▶ _Exercise description_
In the records below, repeat word for word only the lines starting at the one that contains "Новые перчатки для" and ending at the one that contains "Les ampoules LED ultra", pictures excluded.

▶ _Data supplied_
■ ■ ■
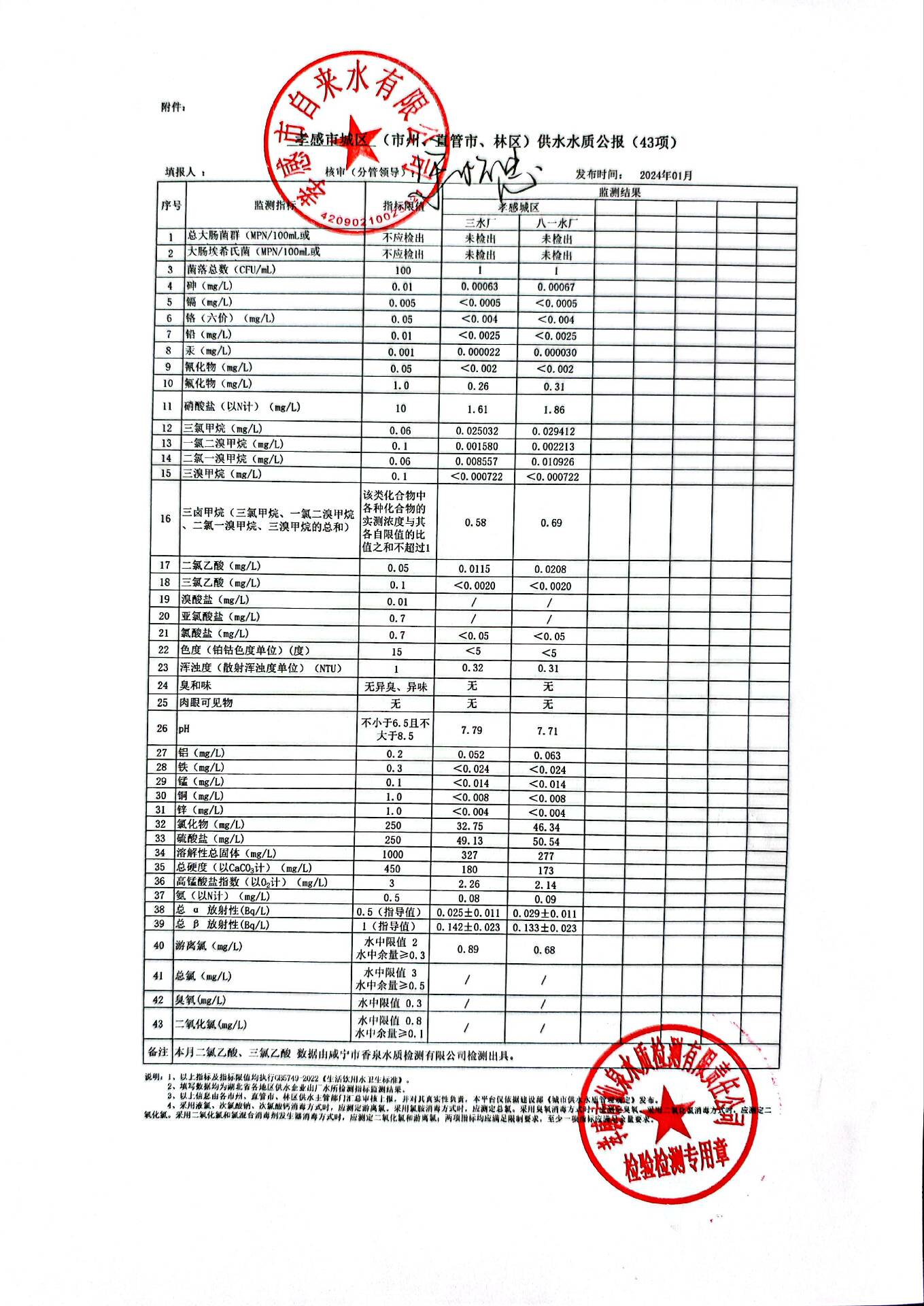 2024年1月水質(zhì)報告
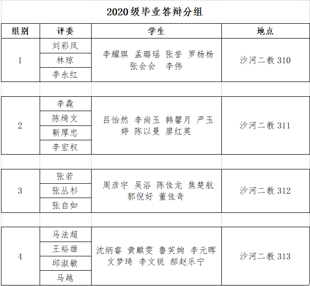请同学们提前十分钟到达所在答辩教室准备答辩。如若有同学没有通过毕业论文答辩,请这部分同学及时与论文指导教师沟通,根据答辩组老师意见修改论文后,参加二次论文答辩。
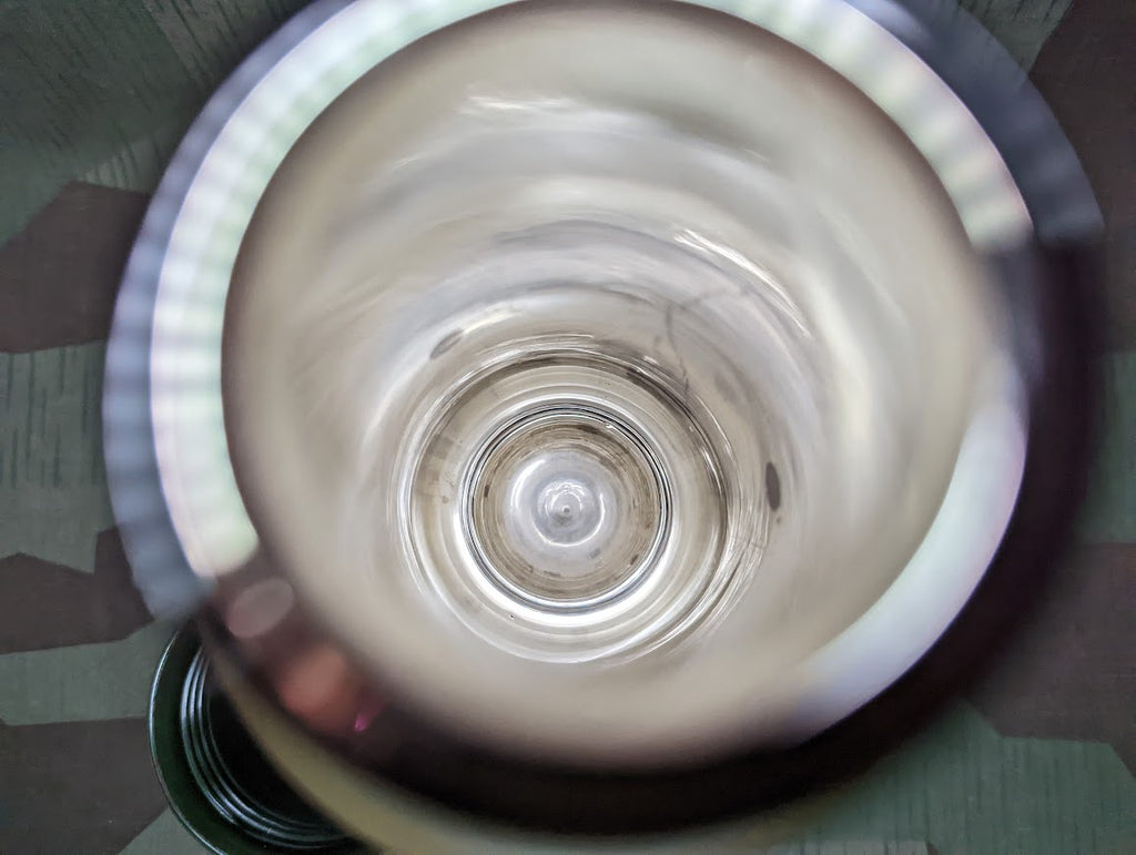 Nice post war made thermos which is essentially the same as the Gebirgsjäger thermos. There would have been 2 such thermoses stored in the two side pockets of the rucksack, yes, those big tall pockets are designed to fit these. This one is in good condition but it is missing the cork stopper. You may be able to find a replacement at Ace hardware or a similar store. Very nice green Bakelite cup. - ← Previous Product Next Product →
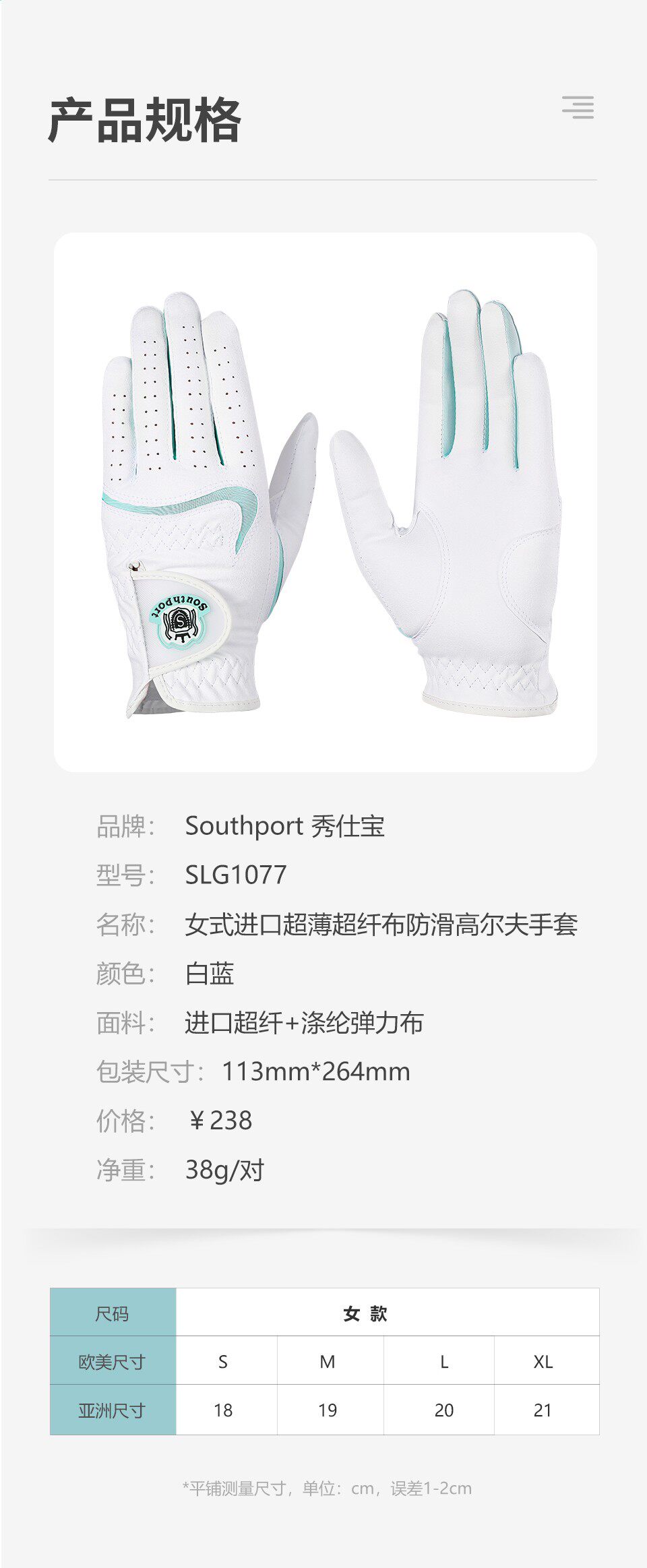 Новые перчатки для гольфа Southport Xiushibao для женских ультратонких ультра-волокон
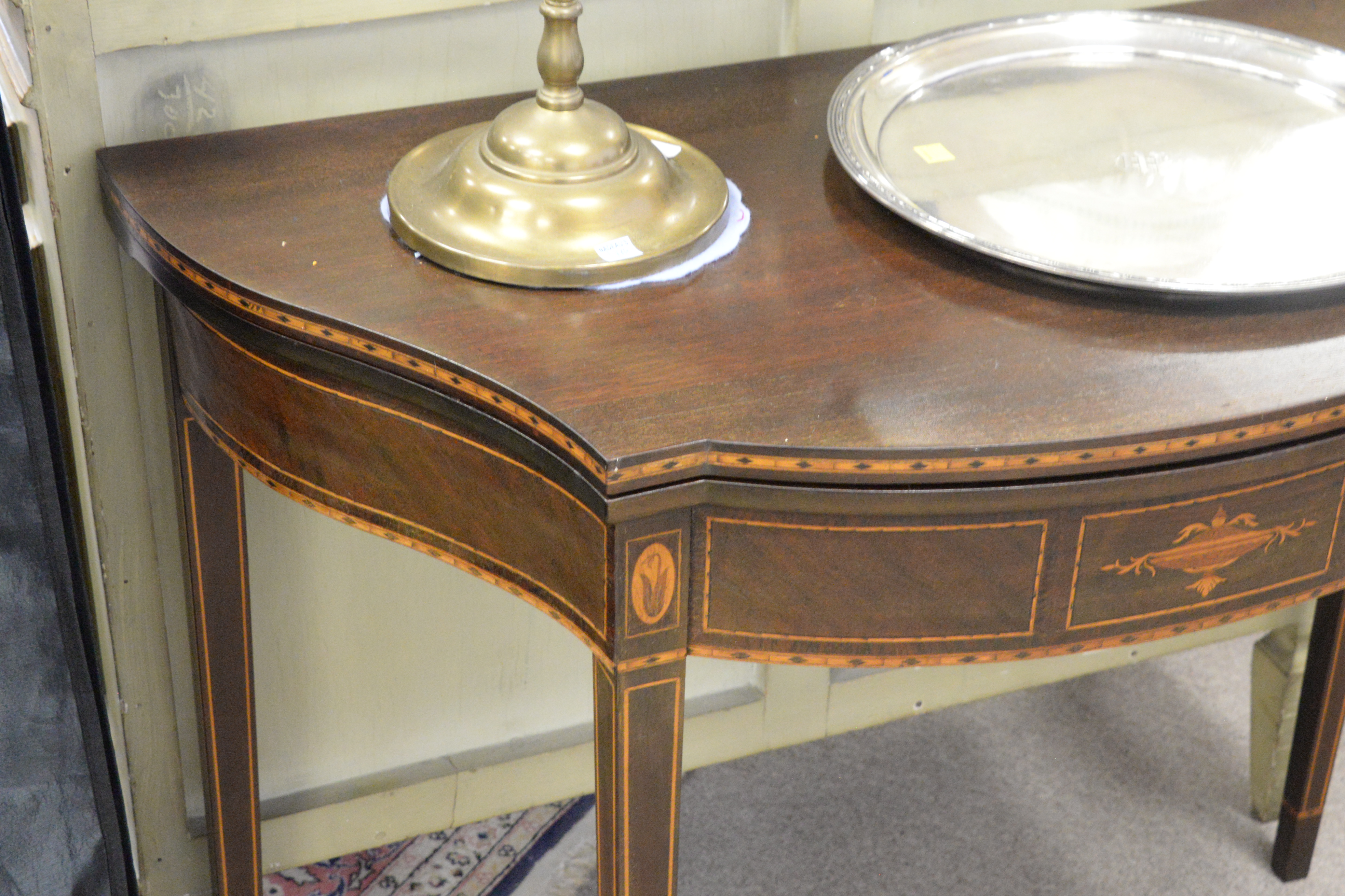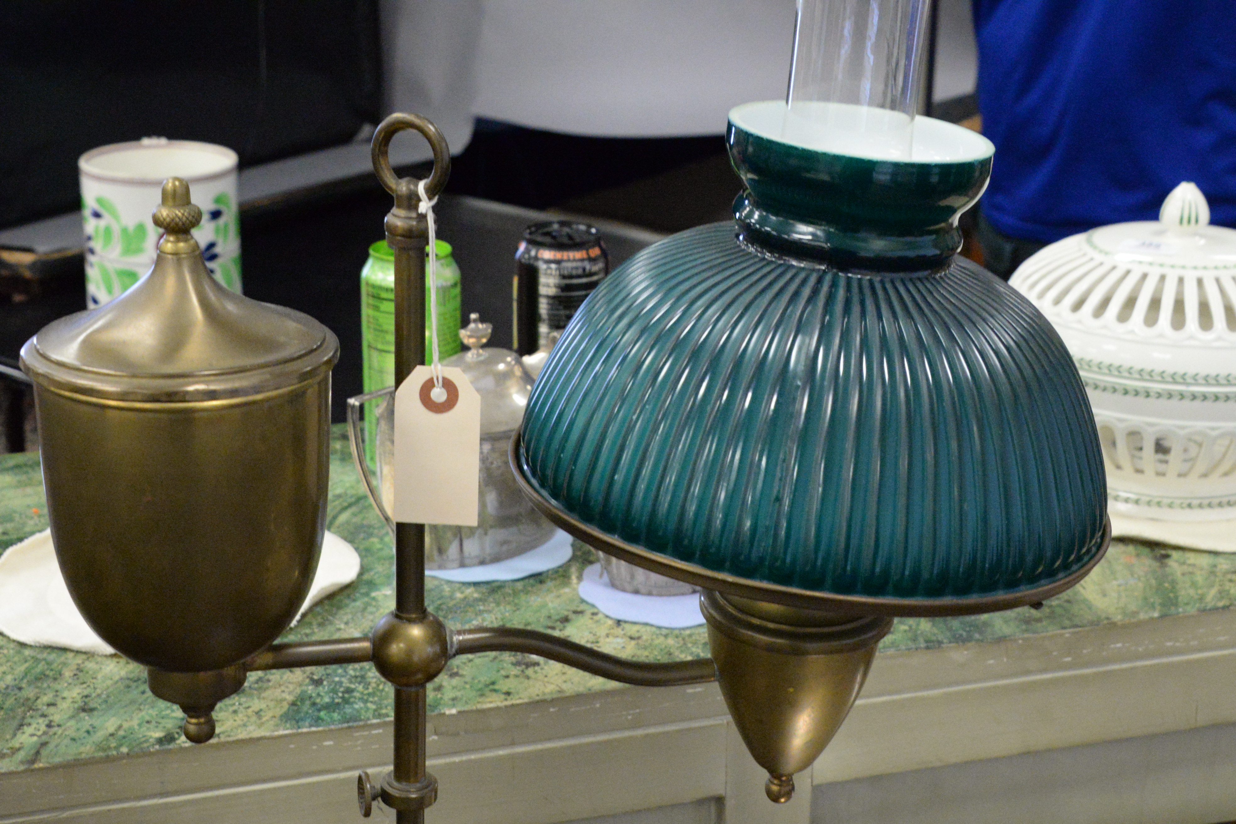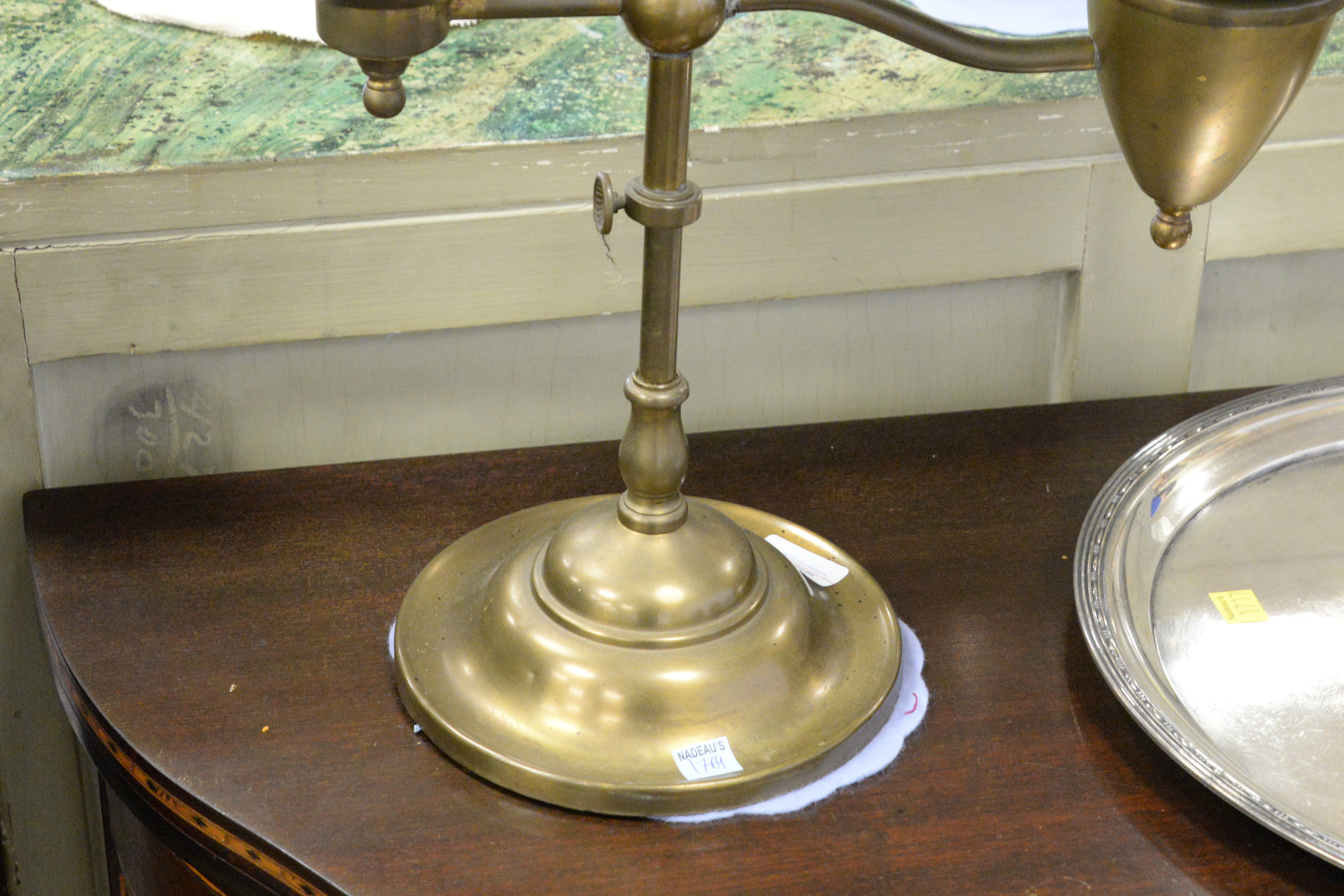 Two Piece Lot Federal Style Mahogany Inlaid Games Table, along with brass Bradley & Hubbard student lamp, table height 30 1/2 inches, table length 36 inches, lamp height 27 1/2 inches
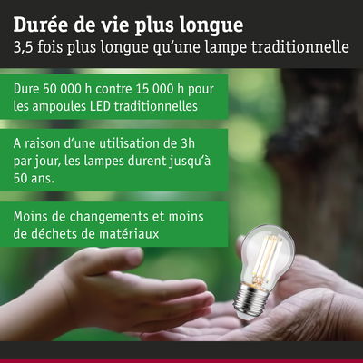 Les ampoules LED ultra efficaces de la gamme Eco-Line allient technologie innovante et durabilité pour un éclairage efficace et stylé. Grâce à une consommation d'énergie réduite de 60 % et à une durée de vie résolument plus longue que celle des ampoules LED standard, il est possible de réduire considérablement les coûts énergétiques tout en préservant l'environnement. L'ampoule sphérique à filament claire s'adapte à toutes les douilles E27 courantes et produit, avec 3000K, une puissance de 2,5 W et 525 lm, une lumière blanc chaud agréable sans teinte verte. Ainsi, l'ampoule en forme de sphère apporte à chaque pièce une ambiance de bien-être harmonieuse. Grâce à leur forme compacte, les ampoules sphériques sont idéales pour les petits luminaires. Les ampoules LED Paulmann portant le label Eye friendly produisent une lumière confortable qui préserve les yeux. Que ce soit pour travailler, lire ou se détendre, les ampoules contribuent à un meilleur confort visuel.
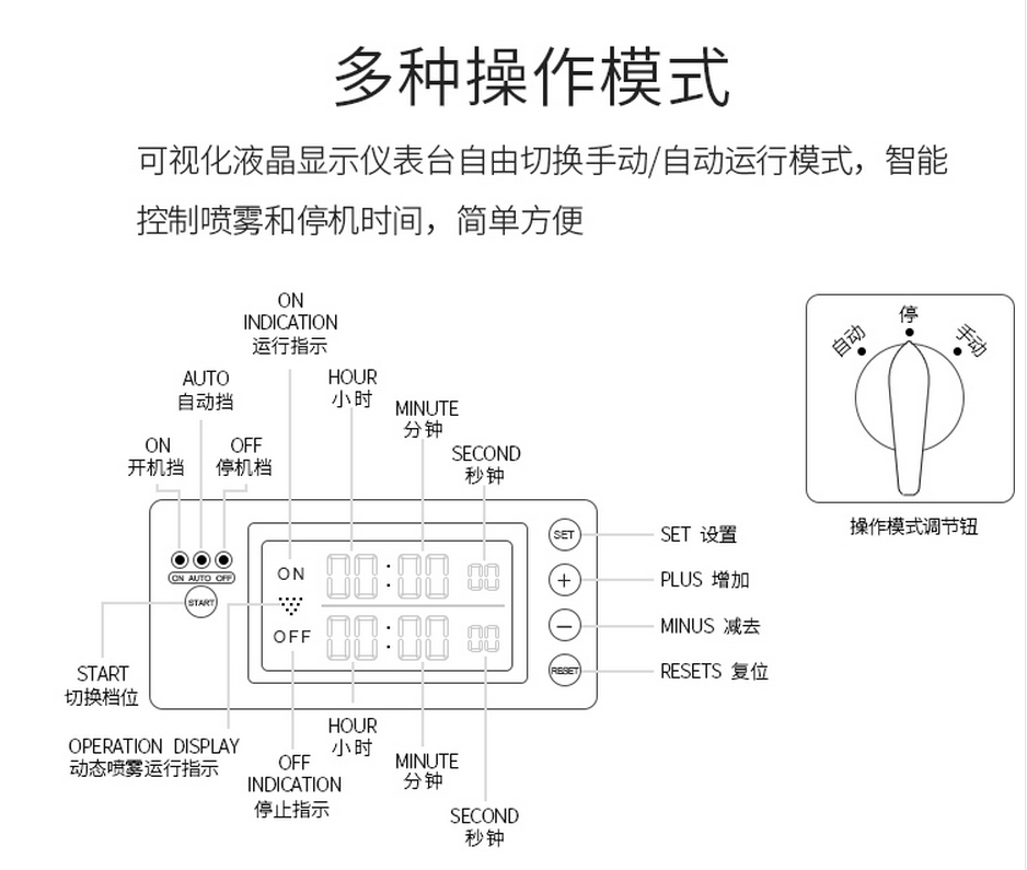 2.控制單元系統(tǒng)根據(jù)工程需要,可采用時(shí)間控制.濕度控制,時(shí)間控制可按照時(shí)間分段或循環(huán)控制噴霧時(shí)間段可按照小時(shí),分鐘,或以秒為單位,也可實(shí)現(xiàn)無人路燈能理系統(tǒng)方式運(yùn)行自動(dòng)開啟或自動(dòng)停止。當(dāng)控制單元外接濕度傳感器或溫度傳感器以及外部控制器的伺服機(jī)構(gòu)時(shí),即可構(gòu)成全自動(dòng)系統(tǒng)。
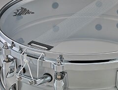 Após várias avaliações do nosso design por Steve Gadd, criámos uma tarola revolucionária. Até à data, as estruturas de tarola da Yamaha apresentam tradicionalmente um aro metálico que junta as duas partes do casco no interior do tambor. Contudo, agora apresentamos uma versão com um aro central fixo à parte exterior do tambor, de forma a produzir um som muito mais aberto do que o das tarolas convencionais, para um desempenho mais articulado e natural.
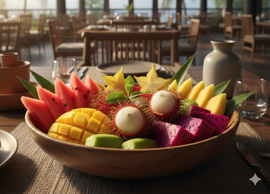 Savoring fresh, local fruits like mangoes, pineapples, watermelon, and bananas while relaxing by the ocean. It’s a refreshing way to complement your meal and enjoy the tropical Zanzibar vibes after swimming or snorkeling.
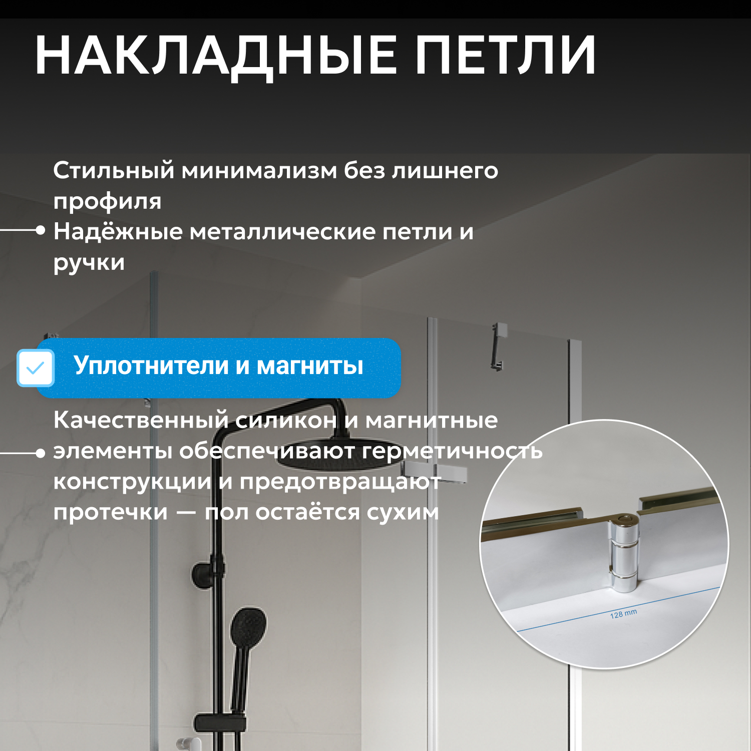 ABBER Zart AG08120-S101 выбирают за современный дизайн, безопасное закалённое стекло, лаконичный профиль, универсальность монтажа, надёжные комплектующие и российскую сервисную поддержку. Модель сочетает долговечность, качество и удобство эксплуатации.
■ ■ ■
▶ _Written solution_
 Новые перчатки для гольфа Southport Xiushibao для женских ультратонких ультра-волокон
 Two Piece Lot Federal Style Mahogany Inlaid Games Table, along with brass Bradley & Hubbard student lamp, table height 30 1/2 inches, table length 36 inches, lamp height 27 1/2 inches
 Les ampoules LED ultra efficaces de la gamme Eco-Line allient technologie innovante et durabilité pour un éclairage efficace et stylé. Grâce à une consommation d'énergie réduite de 60 % et à une durée de vie résolument plus longue que celle des ampoules LED standard, il est possible de réduire considérablement les coûts énergétiques tout en préservant l'environnement. L'ampoule sphérique à filament claire s'adapte à toutes les douilles E27 courantes et produit, avec 3000K, une puissance de 2,5 W et 525 lm, une lumière blanc chaud agréable sans teinte verte. Ainsi, l'ampoule en forme de sphère apporte à chaque pièce une ambiance de bien-être harmonieuse. Grâce à leur forme compacte, les ampoules sphériques sont idéales pour les petits luminaires. Les ampoules LED Paulmann portant le label Eye friendly produisent une lumière confortable qui préserve les yeux. Que ce soit pour travailler, lire ou se détendre, les ampoules contribuent à un meilleur confort visuel.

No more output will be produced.